REQUIREMENT:
Retype each entry below exactly. Do not carry any image over.

DATASET below:

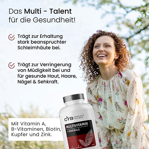 This dietary supplement is a true all-rounder for health. Vitamins B1, B12, iron and magnesium ensure well-being by supporting energy metabolism. Vitamins A, B2, B3, beta-carotene and biotin help to maintain the mucous membranes, which are heavily stressed during the cold season. For the health of the body, it is important that the presence of oxidants and antioxidants is balanced. Vitamins C, E, D, B2, copper, manganese, selenium and zinc capture free radicals and protect against oxidative stress. In addition, vitamins C, B1, B2, B3, B6, biotin, magnesium and copper play an important role in the good functioning of the nervous system.
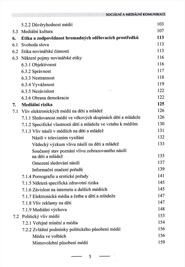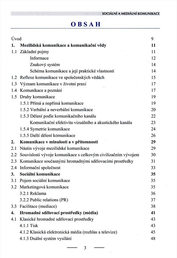 Učebnice pro vysoké školy obsahuje základní poznatky z oblasti sociální a mediální komunikace, základní pojmy z teorie komunikace a analýzu možných rizik a přínosů současných masmédií.
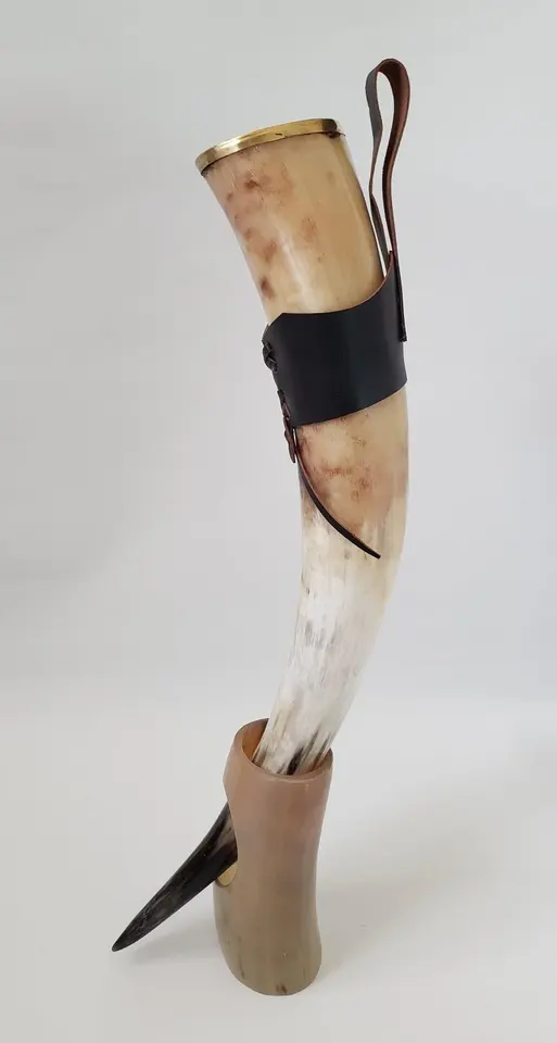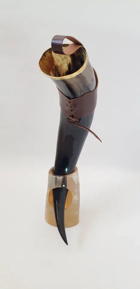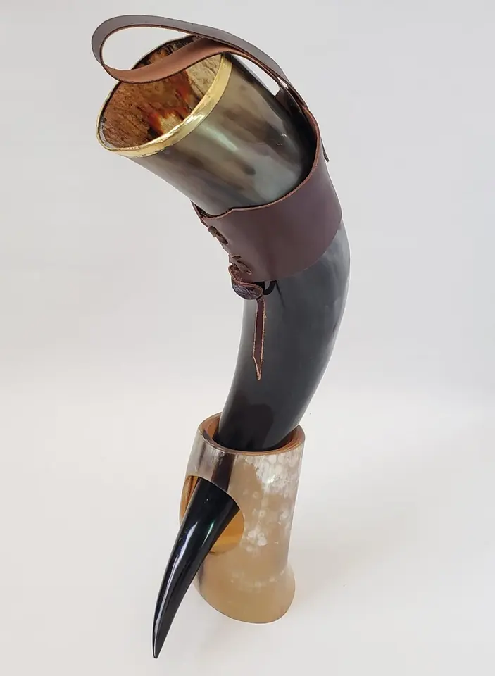 High End Drinking Horn with Thick Leather Holder for Secure Grip and Durability for Collectors and Unique Home Bar Accessories
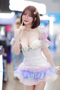 อย่างงานเดรสสุด เซ็กซี่ สีชมพู เหมือนกำลังจะไปออกงานที่ไหนสักแดง สาวแว่น คนนี้ไม่ทำให้ ผิดหวัง เกาะอกเดรส ที่ดันหน้าอกออกมานูน เด่นชัดเจนมาก เห็นแล้วฟินจัด ยิ่งทำหน้าทะเล้นภายใต้แว่นกรอบกลม ยิ่งน่ารักไปอีก ยิ้มหวาน มหาเสน่ห์ ถ่ายแบบ งานโชว์ สะดุดใจในสายตาผู้ชายหลายคนเลย
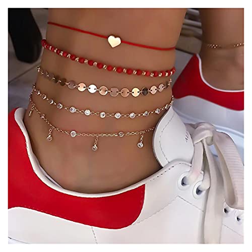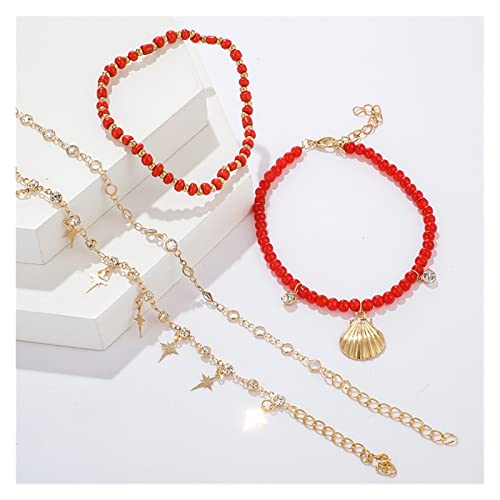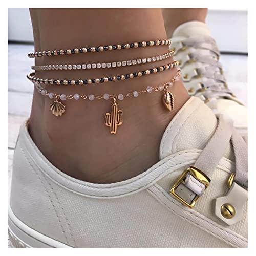 Cavigliera Anklets Multistrato Etnico Boho for Le Donne Branelli affascinanti Braccialetto for Caviglia con Guscio Pendente Sandalo (Metal Color: 8841)
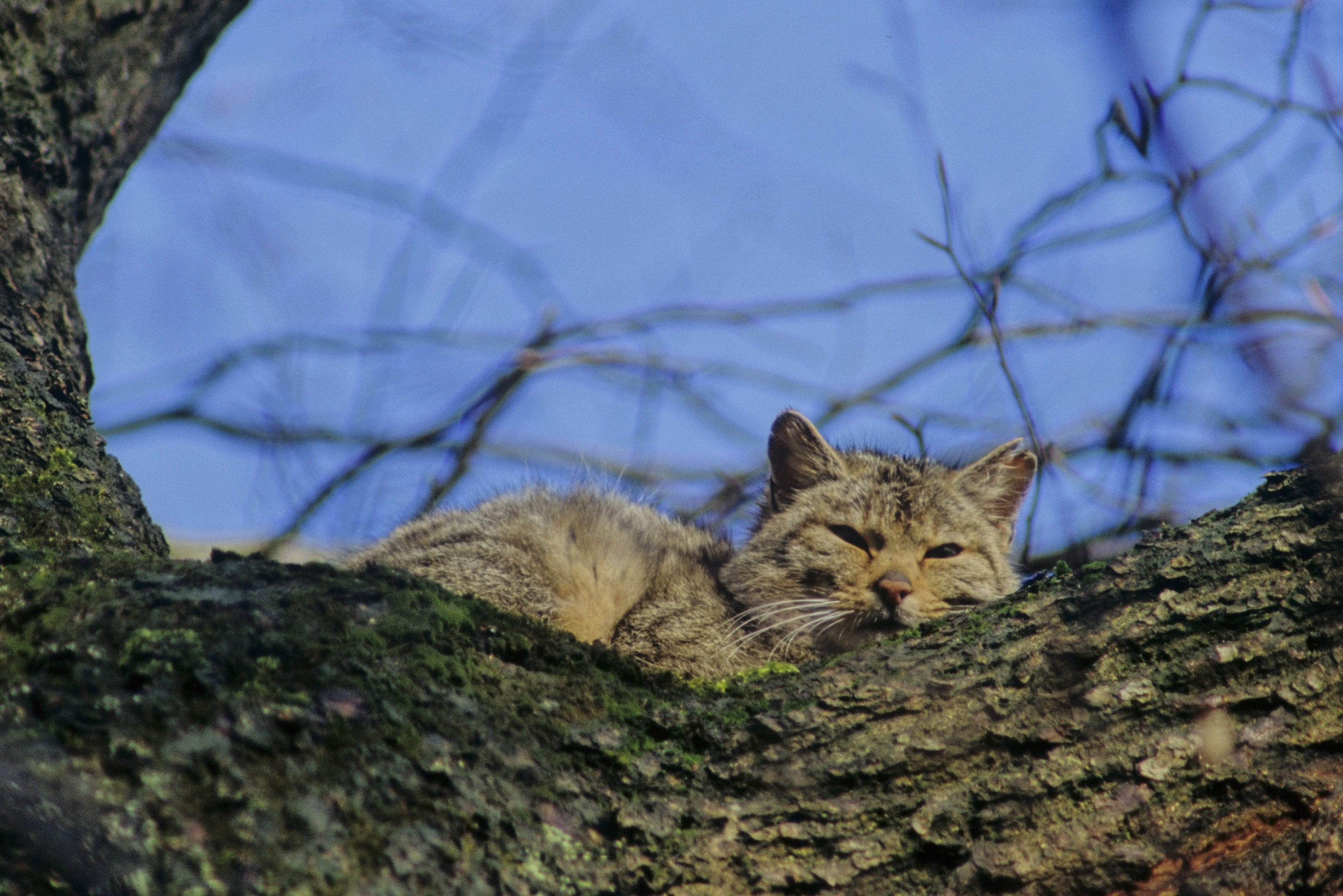 Die Wildkatze (Felis sylvestris) ist keine verwilderte Hauskatze, sondern eine eigene Katzenart. Sie ist eine scheue Waldbewohnerin, die große unzerschnittene Waldgebiete besiedelt. Dort nutzt sie gerne lichte Bestände oder Waldlichtungen, auf denen ihre Hauptnahrungsquelle, Waldmäuse, vorkommen. In Baum- oder Felshöhlen werden zwischen zwei und vier Jungtiere allein von der Mutter aufgezogen. Die Reviere sind bei den Männchen bis über 20 Quadratkilometer, bei den Weibchen bis 6 Quadratkilometer groß. Aktivitäten erfolgen sowohl tagsüber wie auch nachts und bevorzugt in der Dämmerung. Das wichtigste Unterscheidungsmerkmal zur Hauskatze ist der lange buschige Schwanz mit scharf abgesetzten schwarzen Ringen und einem schwarzen, stumpfen Ende. Meist wirkt sie auch insgesamt wuchtiger als Hauskatzen.
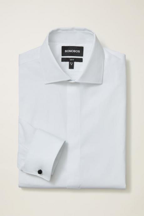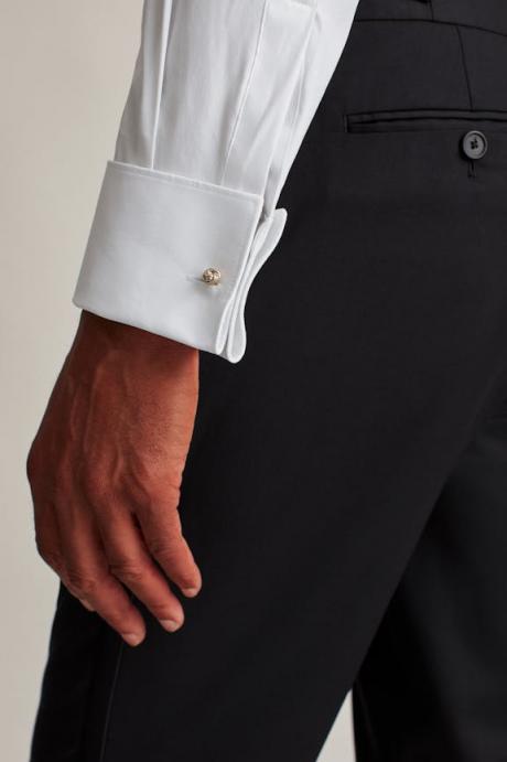 Mother-of-pearl buttons | Split-back yoke | Double-knife pleats | Concealed placket | French cuffs
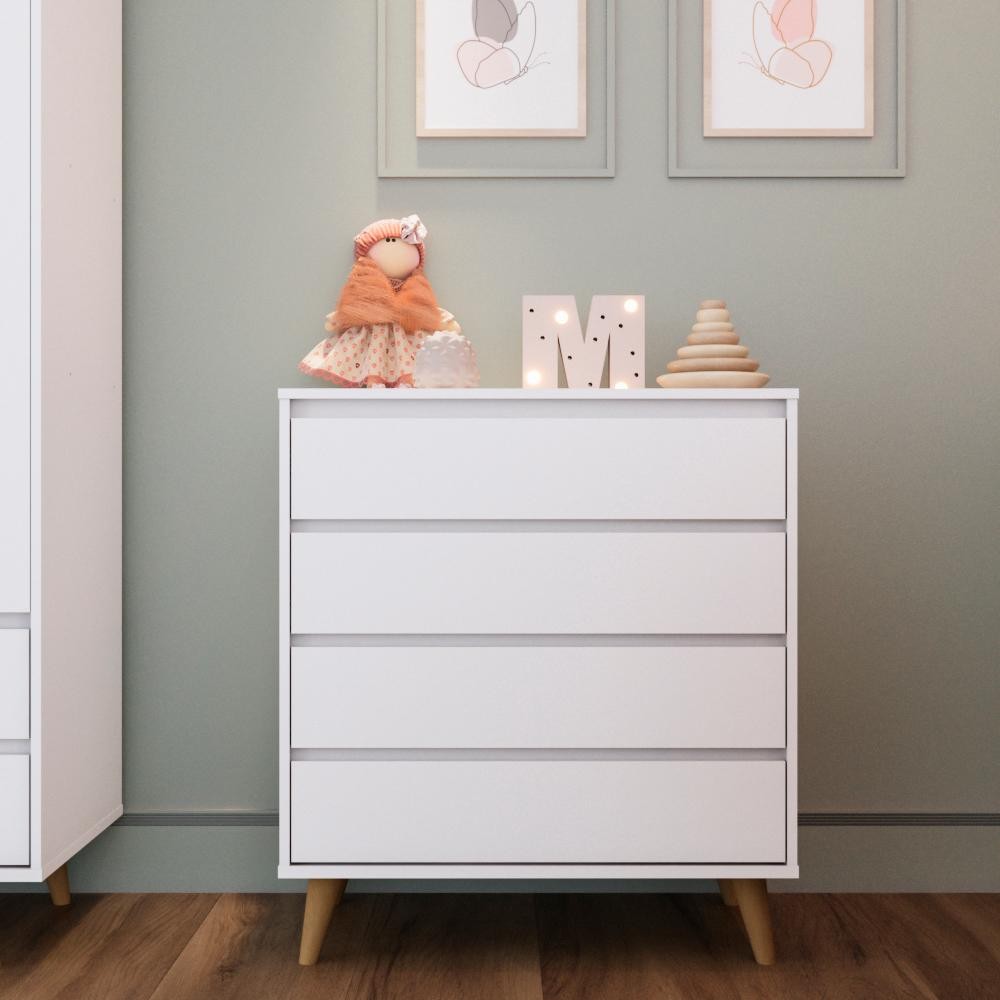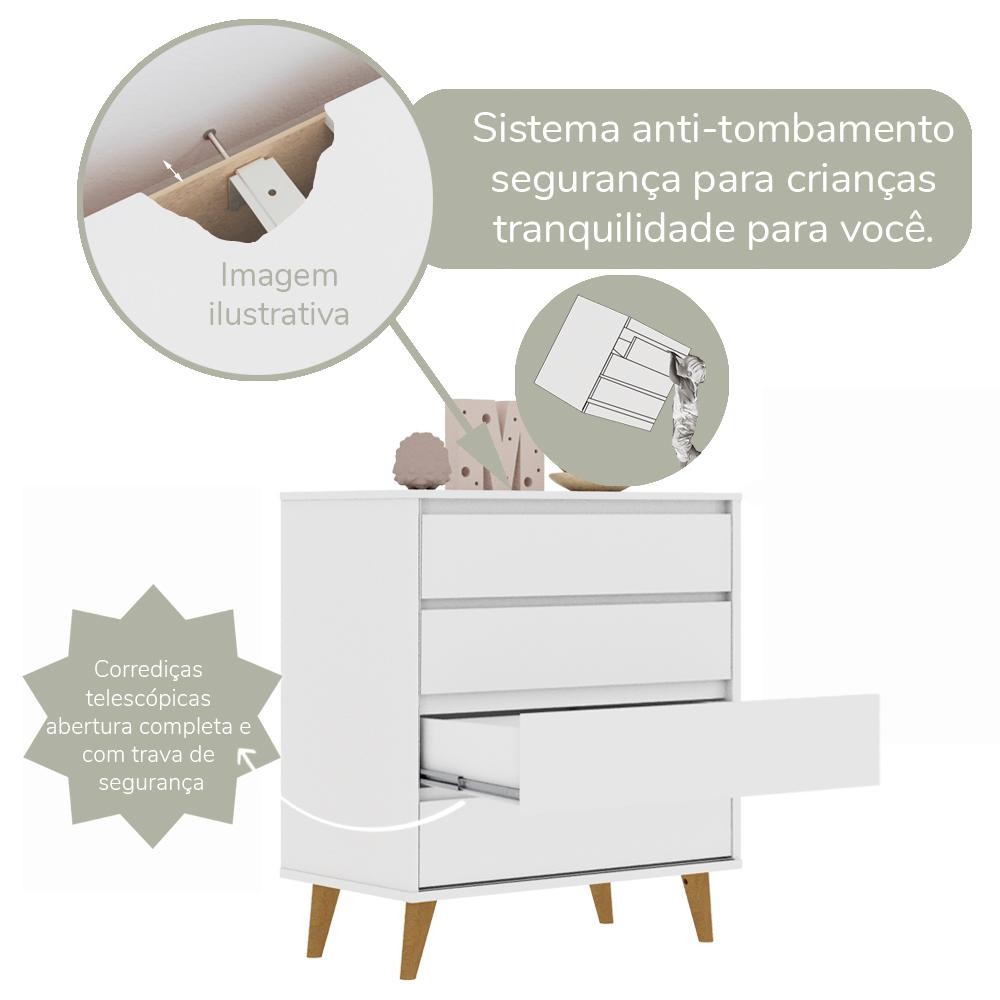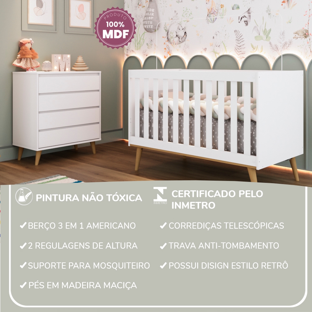 Quarto Bebê Completo Lorena Berço Americano 3Em1 Ludmila Cômoda 4 Gavetas 100% MDF

End of DATASET.

SOLUTION FOR THIS TASK:
 This dietary supplement is a true all-rounder for health. Vitamins B1, B12, iron and magnesium ensure well-being by supporting energy metabolism. Vitamins A, B2, B3, beta-carotene and biotin help to maintain the mucous membranes, which are heavily stressed during the cold season. For the health of the body, it is important that the presence of oxidants and antioxidants is balanced. Vitamins C, E, D, B2, copper, manganese, selenium and zinc capture free radicals and protect against oxidative stress. In addition, vitamins C, B1, B2, B3, B6, biotin, magnesium and copper play an important role in the good functioning of the nervous system.
 Učebnice pro vysoké školy obsahuje základní poznatky z oblasti sociální a mediální komunikace, základní pojmy z teorie komunikace a analýzu možných rizik a přínosů současných masmédií.
 High End Drinking Horn with Thick Leather Holder for Secure Grip and Durability for Collectors and Unique Home Bar Accessories
 อย่างงานเดรสสุด เซ็กซี่ สีชมพู เหมือนกำลังจะไปออกงานที่ไหนสักแดง สาวแว่น คนนี้ไม่ทำให้ ผิดหวัง เกาะอกเดรส ที่ดันหน้าอกออกมานูน เด่นชัดเจนมาก เห็นแล้วฟินจัด ยิ่งทำหน้าทะเล้นภายใต้แว่นกรอบกลม ยิ่งน่ารักไปอีก ยิ้มหวาน มหาเสน่ห์ ถ่ายแบบ งานโชว์ สะดุดใจในสายตาผู้ชายหลายคนเลย
 Cavigliera Anklets Multistrato Etnico Boho for Le Donne Branelli affascinanti Braccialetto for Caviglia con Guscio Pendente Sandalo (Metal Color: 8841)
 Die Wildkatze (Felis sylvestris) ist keine verwilderte Hauskatze, sondern eine eigene Katzenart. Sie ist eine scheue Waldbewohnerin, die große unzerschnittene Waldgebiete besiedelt. Dort nutzt sie gerne lichte Bestände oder Waldlichtungen, auf denen ihre Hauptnahrungsquelle, Waldmäuse, vorkommen. In Baum- oder Felshöhlen werden zwischen zwei und vier Jungtiere allein von der Mutter aufgezogen. Die Reviere sind bei den Männchen bis über 20 Quadratkilometer, bei den Weibchen bis 6 Quadratkilometer groß. Aktivitäten erfolgen sowohl tagsüber wie auch nachts und bevorzugt in der Dämmerung. Das wichtigste Unterscheidungsmerkmal zur Hauskatze ist der lange buschige Schwanz mit scharf abgesetzten schwarzen Ringen und einem schwarzen, stumpfen Ende. Meist wirkt sie auch insgesamt wuchtiger als Hauskatzen.
 Mother-of-pearl buttons | Split-back yoke | Double-knife pleats | Concealed placket | French cuffs
 Quarto Bebê Completo Lorena Berço Americano 3Em1 Ludmila Cômoda 4 Gavetas 100% MDF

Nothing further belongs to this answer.